Once Newton became famous, he and June settled in Monte Carlo and Los Angeles, which neatly represent the twin poles of his output. Newton’s work from the 1970s is drenched in a brooding decadence of fading European glamour. Perhaps the most famous shot of this era is “Two Pairs of Legs in Black Stockings, Paris” from 1979 (which recently sold for nearly $40,000). It captures all the same themes as Somerset Maugham’s famous description of Monte Carlo as a “sunny place for shady people.” Never have shady folks been so sexy. At ease with their compulsions, nudity, and objectification, his subjects make being jaded seem like a state of grace. The success of these images led to work for him in California that reversed the equation. His California nudes and celebrities are more like sexual athletes: toned, trim and offhand about their own perfection.
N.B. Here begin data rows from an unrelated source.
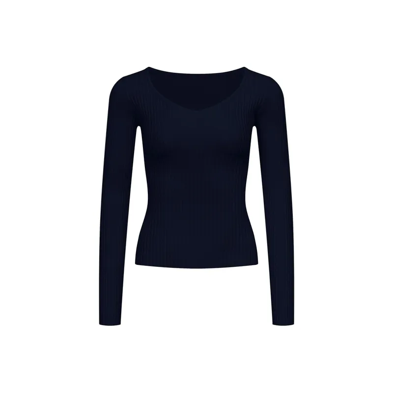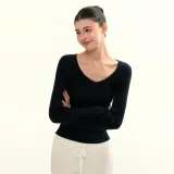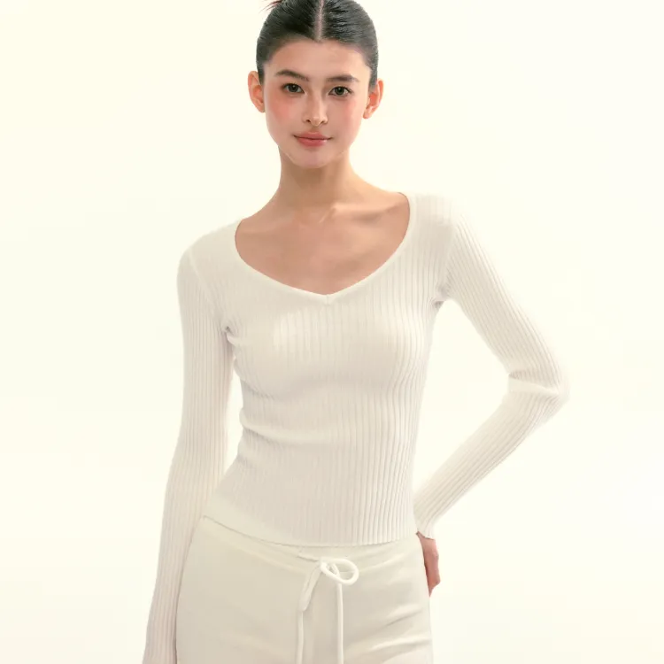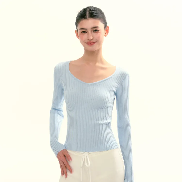 Ariseism 브이넥 스트라이프 패턴 니트웨어 여성 가을 슬림핏 긴팔 상의 여성 - POIZON
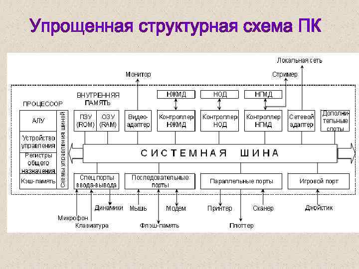 системный блок монитор характеризуется: конструкцией корпуса мощностью блока питания системой вентиляции количеством «посадочных мест» клавиатура мышь периферийные устройства принтер, сканер, дигитайзер и др. Материнская (системная) плата несет на себе главные компоненты ПК. К ней подключаются все устройства, входящие в системный блок. Функции материнской платы – связь и координация действий всех устройств ПК, передача сигнала от одного устройства к другому с помощью системной шины.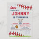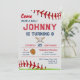 Front and center is a dynamic illustration of a baseball in mid-air, surrounded by vibrant red stitching that pops against a classic baseball white background. The design is accented with playful baseball-themed elements, such as bats, gloves, and helmets, creating a visually engaging and energetic invitation.

Between these two worlds lies Newton’s fashion work. The “Walking Women” triptych that gallerist Scott Cook is selling from the Newton estate (one of three prints — the two others are in a private collection and a German museum) has not been seen before here in America. Coming from the famous shoot for his seminal work, “Sie Kommen,” the triptych depicts the four models in three stop-action strides.
“Walking Women” is all hard bodies in motion. Like Newton’s famous “Big Nude” series (represented in the Cook show by “Big Nude XV, Raquel, Nice, 1993”), the emphasis is on the formal power of a perfectly executed nude, all lithe indifference while the triple image emphasizes subtle changes in their eyes and expressions.
What unites the disparate themes of nudity, decadence, and celebrity in Newton’s work is the preternatural self-confidence of his subjects. His celebrities, too — captured in this show by a portrait of Mick Jagger — are blasé and carefree. There are no victims in Newton’s demimonde.
Moreover, for all the eroticism in a Newton photograph the nude is typically a distraction. The real interest lies in the subtle details in the background of the image. Out on the edges, architecture and architectural details are a big theme (as are landscapes, cars, and other trappings of the luxury life).
The empowerment of eroticism is perhaps best seen in a photograph from his Playboy series called “Two Playmates, Hollywood 1986.” The insouciant gaze of one blond model is directed at the viewer, while her hair is being braided by another, more buxom companion. We only see the second woman’s hands, her breasts and, especially, her soft sculpted pubic hair. The image captures everything that works in Newton. His louche sexuality, the hint of bisexuality that was more outré in the 1980s than it is in our own “Girls Gone Wild” era, and a technical skill that underlines the eroticism. Newton is a guy’s photographer if there ever was one. What’s not to like about that?
“Helmut Newton: Photographs” opens tomorrow at Cook Fine Art, through Friday, April 27, 1063 Madison Ave., between 80th and 81st streets, 212-737-3550.